Condorcet : le philosophe du féminisme. — Bien différents d’ailleurs les porteurs de la lampe de vie : un marquis, leader des philosophes français, dépositaire et exécuteur de la pensée de Voltaire ; un petit bourgeois mystique, à l’esprit nébuleux et nourri d’inconsistantes rêveries, futur membre influent du club des Jacobins ; une actrice, mi-bas-bleu, mi-courtisane, quasi illettrée et au cerveau bouillonnant d’idées ; une romancière anglaise, à l’esprit malade, au cœur généreux ; un raide magistrat prussien, concitoyen de Kant. Condorcet, Boissel, Olympe de Gouges, Mary Woolstonecraft, Théodore de Hippel, tels sont les cinq grands précurseurs. Dans leurs œuvres est inclus entièrement le féminisme moderne, avec toutes ses conséquences, sous tous ses aspects.

Condorcet compose, en 1790, un opuscule sur l’Admission des femmes au droit de cité. « Les hommes, s’écrie-t-il, n’ont-ils pas violé le principe de l’égalité des droits en privant tranquillement la moitié du genre humain de celui de concourir à la formation des lois, en privant les femmes du droit de cité ? »

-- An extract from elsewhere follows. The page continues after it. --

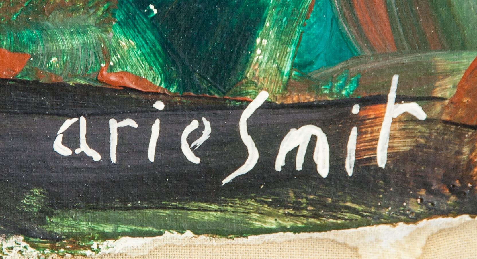 Oil on canvas. Featuring mountain landscape scene. Signed and in the manner of Arie Smit (Indonesian, b. 1916). 18.1 x 18.3 inch (46 x 46.5 cm). Arie Smit was a Dutch-Indonesian artist known for his expressive depictions of the tropical landscapes of the island of Bali. Born Adrianus Wilhemus Smit on April 15, 1916 in Zaandam, Netherlands, Smit studied at the Academy of Arts in Rotterdam, Netherlands before joining the Royal Netherlands East Indies Army. Spurred by his desire to explore the Indonesian archipelago, Smit met with misfortune as he was captured by Japanese military during World War II. He would spend three years in forced labor, building architecture and civil structures in Burma. After release in 1945, he entered what was now the Republic of Indonesia and subsequently became an Indonesian citizen. He taught lithography at the Institute Teknology Bandung in West Java before moving to Bali in 1956. Immediately enthralled by its nature and culture, and spent the remainder of his life there until his death on March 23, 2016 in Denpasar, Bali. Today, his works can be found among the collections of the Neka Art Museum (where the Arie Smit Pavilion was opened at the Neka Art Museum in 1994), the Penang Museum in Malaysia, and the Museum Bali in Denpasar. PROVENANCE: Private collection (Toronto, ON)

Acte de tyrannie que celui qui prive douze millions de femmes de leur droit naturel ! Les hommes, il est vrai, n’en jugent pas ainsi. Et c’est justement ce droit naturel de la femme qu’ils contestent en arguant de la faiblesse de sa raison et de l’infériorité de son intelligence. « En admettant chez les hommes une supériorité d’esprit qui ne soit pas la suite nécessaire de la différence d’éducation, cette supériorité ne peut consister qu’en deux points ; on dit que nulle femme n’a fait de découverte importante dans les sciences, n’a donné de preuve de génie dans les arts, dans les lettres… mais sans doute on ne prétendra point n’accorder le droit de cité qu’aux seuls hommes de génie. »

« Combien d’hommes, s’écriera au vingtième siècle une militante, nous reprochent de n’avoir fourni ni un Shakespeare, ni un Napoléon… qui ne sont eux-mêmes, il s’en faut, ni des Shakespeare ni des Napoléon ! »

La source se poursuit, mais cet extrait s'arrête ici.